Out of the box, Gatsby's lighthouse score shows just how performant it is ⚡. But Gatsby won't do all the e-commerce work for you–that's where Shopify comes in. I might be biased, but I think Shopify is the best e-commerce platform to build on. If you're wondering why, here are just a few (of the many!) reasons:

  1. Shopify is not just a product but also a platform with a large and diverse app ecosystem. If Shopify doesn't perfectly meet your needs out of the box, there's a good chance that you'll be able to find apps that meet your needs.
  2. Shopify is priced to scale with your business. You get to focus on selling products instead of trying to figure out how to pay for software licenses.
  3. The Shopify Fulfillment Network enables merchants to offer competitive shipping times.

Building an e-commerce store with Shopify and Gatsby lets you control the entire customer experience (not to mention a great developer experience!) while leveraging the power of Shopify.

Building our first Gatsby-powered store

Let's imagine that our good friend Derek wants our help in building an online store. He's a goose farmer, and makes goose down jackets. Here's him with his geese (photo courtesy of Jill Laurie Goodman):

A man holding a bucket surrounded on either side by geese in a field

He wants to set up his own brand of down jackets called "Only Down", and he's asked that we help with the website. Here are the steps we'll take to do that:

  1. Setup Shopify store with necessary options
  2. Pull data from Shopify into Gatsby
  3. Use Shopify data in Gatsby to create pages
  4. Use shopify-buy plugin to manage checkout
  5. Buy something!

Setting up a Shopify store

When setting up a Shopify store, the first decision to make is the type of account we'll signup for: store trial or Shopify partner. Each option has its benefits:

  • Store Trial: the store trial/plan is great for those who know exactly what they want to build and are ready to sell products almost immediately. The trial is 14 days long and allows you to do everything you need to do within Shopify for this process. The only downside is that the checkout experience is disabled until you choose a plan.
  • Shopify Partner: a Shopify partner account allows you to build on top of Shopify without focusing so much on what products you're selling. It allows you to have the full store experience (including the checkout experience), lets you build stores and apps, and just generally experiment with Shopify. Oh, and it's free! 🎉

After looking at each, we sign up for a Partner account, make a new demo store, and we're ready to go! When setting up our store, we'll need to do two distinct steps to get a full-functioning "test" store: set up a test payment gateway and create a new private app.

Bogus Gateway

Shopify has a "bogus gateway" that lets you accept fake credit cards in order to test the customer experience end to end. To set this up, you'll need to take the following steps:

  • Go to your store's settings
  • Choose "Payment Providers" and third party payment providers
  • Search for "Bogus Gateway", and then activate it

A screenshot of Shopify's Bogus Gateway setup screen

Once you've activated the bogus gateway, you'll be able to send fake transactions while testing.

New Private App

After activating the bogus gateway, the next thing to do is to create a new private app. To do this, you'll take the following steps:

  • Go to the "Apps" tab, and then click the "Manage Private Apps" link
  • Create a new private app, and fill in the appropriate information
  • At the bottom of the private app creation page, make sure to check the Storefront API section. This is the API that gatsby-source-shopify uses to pull product information into Gatsby.
  • Under the Storefront API section, be sure to check the boxes next to Read product tags and Read customer tags. If you don't, Gatsby will throw an error that might seem confusing or hard to understand. Might as well catch it now!

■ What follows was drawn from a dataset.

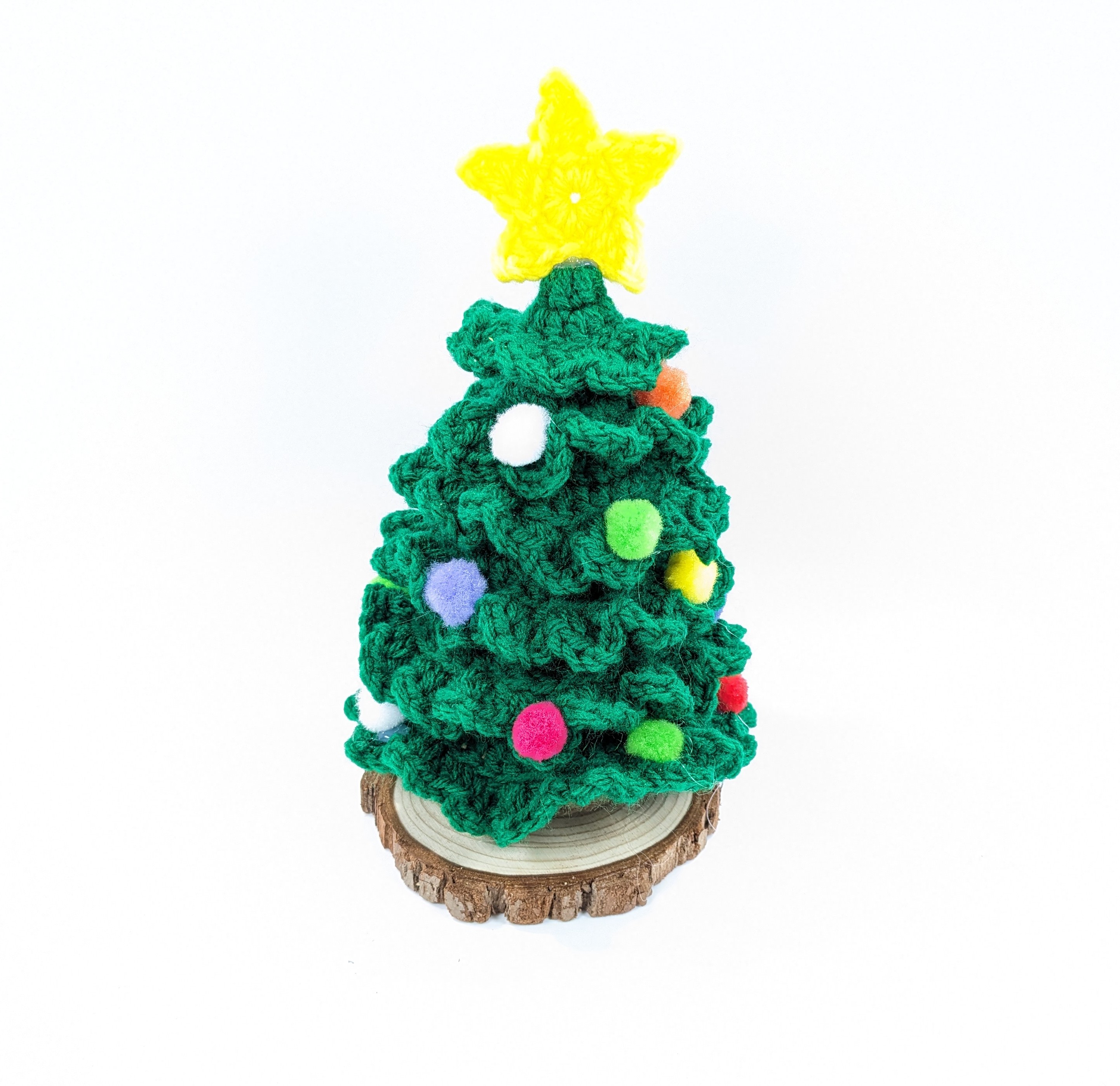 Crochet with acrylic yarn. Pom-pom's added for ornaments and tree is attached to a slice of wood.

A screenshot of creating a new Shopify app, enabling Storefront API permissions, including enabling 'Read Product Tags' and 'Read Customer Tags'

Once you've filled out the form, save it and take note of the Storefront API token it gives you:

A screenshot of the Storefront API credentials returned after creating a new private app on Shopify

This API token will be the token you use to get data into Gatsby later on, so hold on to it!

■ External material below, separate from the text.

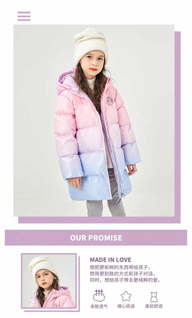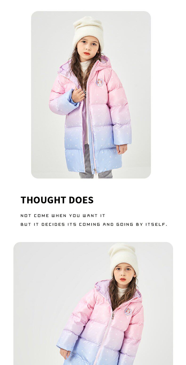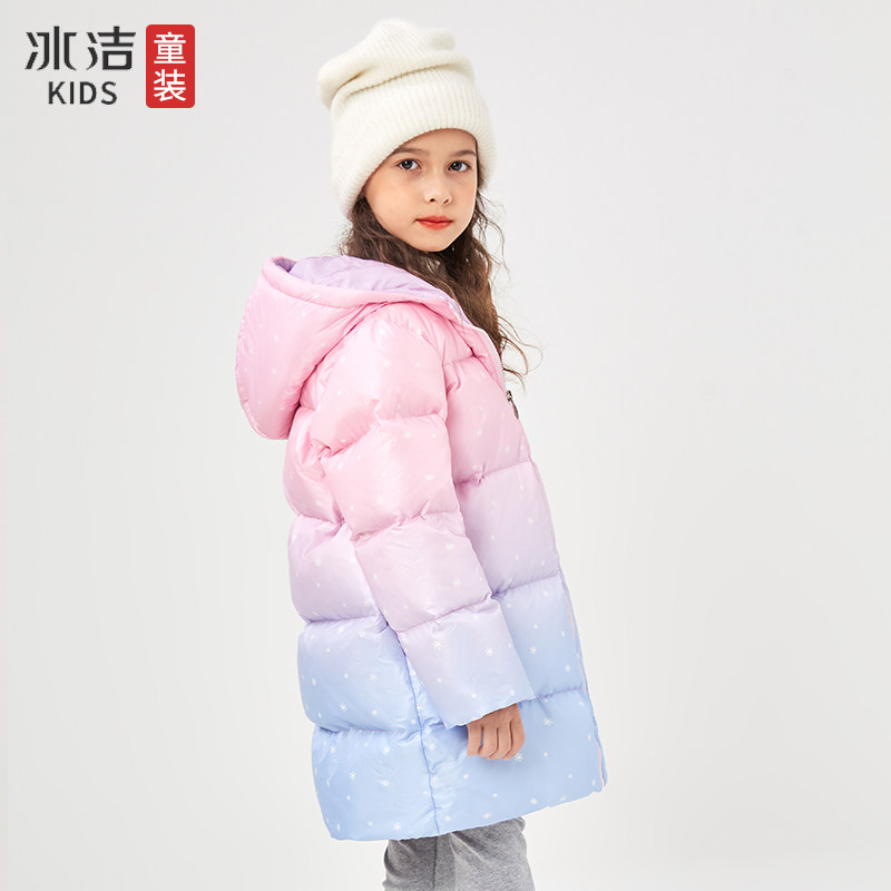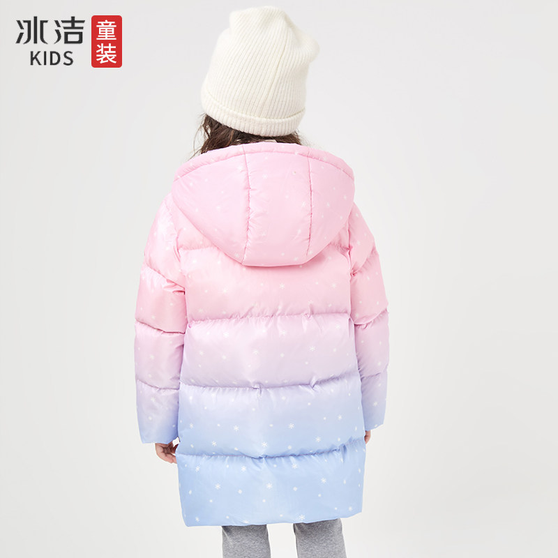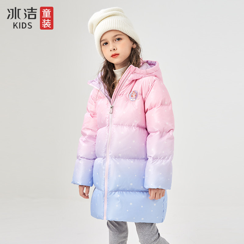 冰洁 Пуховик, зимний длинный наряд маленькой принцессы, куртка, средней длины, увеличенная толщина, подходит для подростков, градиент

At this point, you'll need to set up product in your store to test with (otherwise you'll be testing with an empty store). I would recommend creating some dummy products (if you have no real ones), and adding some additional options to those products (so if you add a shirt, add it in multiple colors). Now that we're talking products, it's useful to go over some Shopify terms to make it easier going foward.

Products, Options, Variants

While you are setting up your products, it's helpful to have a mental model of how Shopify's product model is set up. The three words to remember are products, options, and variants.

  • Products are the most generic level (e.g. a jacket)
  • Options are different features that the product might have (e.g. size, color)
  • Variants are a particular combination of options within a product (e.g. medium green jacket)

To make sure we understand exactly what this means, take the iPhone for example. We'll simplify the latest iPhone (iPhone 11 Pro) into two options:

  • Size (Normal or Max)
  • Color (Silver or Gold)

A matrix of iPhones with Size and Colors as the two axes. This demonstrates a two-dimensional way to visualize product options within Shopify.

If you were to model our simplified iPhone 11 Pro within Shopify it would look like this:

  • Product: iPhone 11 Pro
  • Options:

    • Size: Normal, Max
    • Color: Silver, Gold
  • Variants:

    • Normal Sized Silver iPhone 11 Pro
    • Normal Sized Gold iPhone 11 Pro
    • Max Sized Silver iPhone 11 Pro
    • Max Sized Gold iPhone 11 Pro

This model is important to understand because when interacting with products on an online store, you are interacting with variants. When you add an item to a cart, you are adding a particular variant of that product to the cart, not the product itself. Inventory is associated with a variant, not a product.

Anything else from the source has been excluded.